Neither the Geo Group nor CoreCivic responded to specific questions about the adequacy of the current system and the consequences of its expected expansion. But GEO spokesman Pablo Paez wrote in a statement, “We’re proud of our longstanding record providing high quality, culturally responsive services in safe, secure and humane environments.”

In earnings calls to shareholders, however, both GEO and CoreCivic made clear that growth drives income, and growth is determined in no small part by immigration policy. GEO founder and CEO George Zoley noted that a big increase in the company’s profits was partly due to its new 780-bed Georgia facility that is expected to generate $21 million annually. CoreCivic CEO Damon Hininger highlighted the U.S. Attorney General’s plans to prioritize immigration offenses for prosecution, the administration’s goal to hire additional border agents and its directive to the Border Patrol to detain illegal border crossers rather than releasing them pending a court hearing.

Indeed, both companies have kept a close watch on Washington, investing large sums to buy influence. Human Rights Watch reported that CoreCivic spent $18 million in federal lobbying between 2004 and 2014, while GEO spent $4 million. Since then, the pace of GEO’s spending in the nation’s Capitol has intensified, with GEO pouring nearly $1.8 million into federal lobbying since 2015, while CoreCivic’s has slowed, albeit spending about $3.8 million in the same period.

CoreCivic has relied on a group of DC’s most prominent lobbying firms, including Democrat and Republican operatives, for more than 15 years.

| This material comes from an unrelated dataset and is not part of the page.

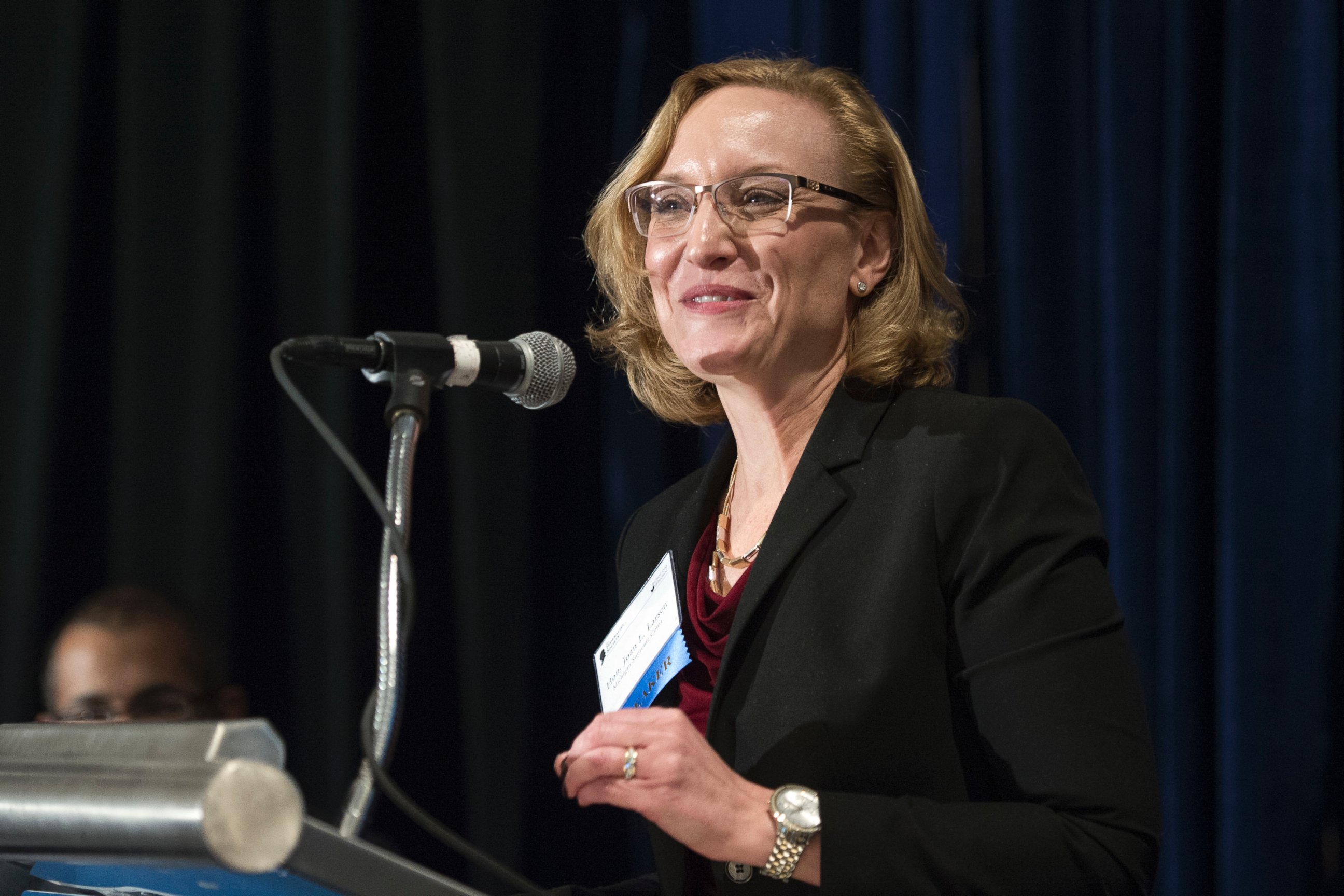 Justice Joan Larsen, 48, was named to the Michigan Supreme Court in September 2015, and in November 2016 won a statewide election to retain the seat through the end of 2018. Before that, Larsen was on the University of Michigan Law School faculty for more than a decade.

GEO, however, appears to have spent more strategically, depending on who held power. Last January, when President Trump took office, GEO turned to Brian Ballard and Dan McFaul, both of Ballard Partners, a Florida firm that had just expanded into Washington, DC. Ballard was a Trump fundraiser and served as a lobbyist for Trump in Florida. McFaul worked on Trump’s presidential transition team, vetting appointees for federal agencies, the military and intelligence posts. David Stewart, who was an aide to current Attorney General Jeff Sessions when he was a senator from Alabama, began lobbying for GEO in the fall of 2016. Stewart, who works for the Alabama-based firm Bradley Arant Boult Cummings, lobbies for the company on Homeland Security funding and private prison contracting, among other issues.

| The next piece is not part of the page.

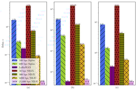 Moreover, such randomization has a significant effect on the average delay. Figure 13 shows the average delay for different scenarios. The average delay for the Unreliable Transmission of Long Packets Scenario with the randomization is significantly higher than for the same scenario without the randomization. For example, NB-Fi operating at 50 bps demonstrates an average delay of almost 1500 s because the time interval between each frame is uniformly distributed within the window of s, meaning a 43 times increase compared to the same scenario without randomization and 256 times increase compared with the unreliable transmission of short frames scenario. On the other hand, even with the randomization, NB-Fi at 25,600 bps demonstrates an average delay comparable with LoRaWAN networks due to a much lower frame duration. However, given that initial research showed that such randomization does not affect the PLR significantly, but notably lowers the maximal rate and increases the average delay, such randomization is unnecessary. Therefore, to consider a wider range of rates and to lower the average delay, we consider for the next scenario that , where ms is the lowest gap duration between frames in a multiple frames U-procedure or different procedures, allowed by the Sigfox standard [21].

In addition to advocating in the halls of power, the companies have taken advantage of a briskly revolving door between government and industry to bolster ties with the agencies that hire them. Today, news broke that ICE deputy director Daniel Ragsdale will soon step down to take a position at GEO. Meanwhile, former ICE director Julie Myers Wood, who served in the George W. Bush administration, sits on GEO’s board. The man who leads GEO’s business development efforts is David Venturella, who headed ICE’s deportation and detention operations before joining the company in 2012. Both companies include leaders who formerly helmed the federal Bureau of Prisons — Norman A. Carlson is a GEO director emeritus, and Harley G. Lappin is a top CoreCivic executive. CoreCivic’s board of directors also includes Stacia Hylton, who headed the U.S. Marshal’s service during Barack Obama’s tenure in the White House.

With the release of the Human Rights Watch-CIVIC report, Long said she hopes Congress will also hear her group’s call for less detention, even as big lobbying dollars amplify the voices of those who want more.

“I hope it spurs Congressional representatives to push back against President Trump’s budget request for expanding detention, to require better oversight and better transparency, but above all to detain fewer people,” Long said.